# DATASET CONTENT
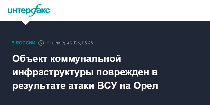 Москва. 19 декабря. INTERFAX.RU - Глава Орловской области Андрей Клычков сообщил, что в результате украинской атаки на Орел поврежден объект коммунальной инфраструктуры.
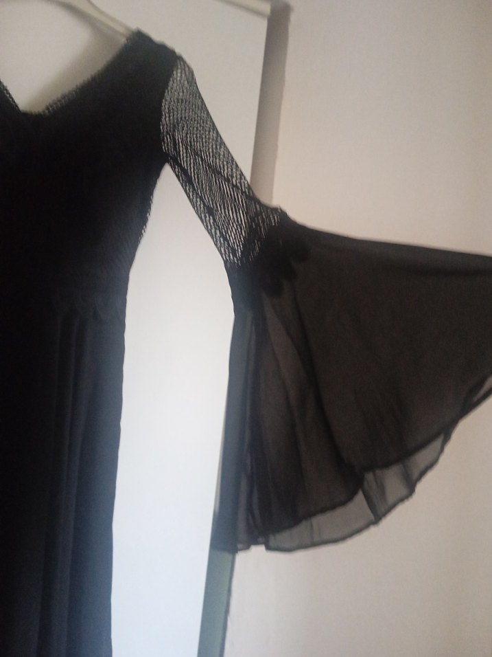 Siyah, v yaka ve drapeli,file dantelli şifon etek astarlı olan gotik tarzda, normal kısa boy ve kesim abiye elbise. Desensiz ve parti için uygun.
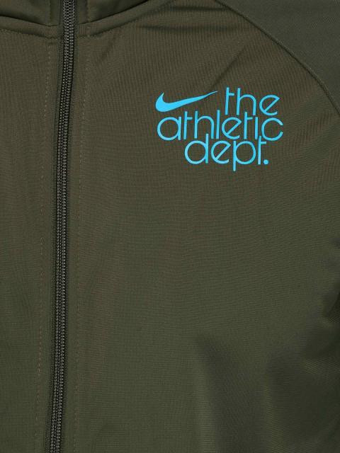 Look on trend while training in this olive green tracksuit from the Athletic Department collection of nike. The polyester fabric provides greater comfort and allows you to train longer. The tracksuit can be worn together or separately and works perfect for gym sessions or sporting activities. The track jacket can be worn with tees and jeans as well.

# WORK TASK
Every line above is to be repeated exactly, but no picture is to appear in the copy.

# EXPECTED ANSWER
 Москва. 19 декабря. INTERFAX.RU - Глава Орловской области Андрей Клычков сообщил, что в результате украинской атаки на Орел поврежден объект коммунальной инфраструктуры.
 Siyah, v yaka ve drapeli,file dantelli şifon etek astarlı olan gotik tarzda, normal kısa boy ve kesim abiye elbise. Desensiz ve parti için uygun.
 Look on trend while training in this olive green tracksuit from the Athletic Department collection of nike. The polyester fabric provides greater comfort and allows you to train longer. The tracksuit can be worn together or separately and works perfect for gym sessions or sporting activities. The track jacket can be worn with tees and jeans as well.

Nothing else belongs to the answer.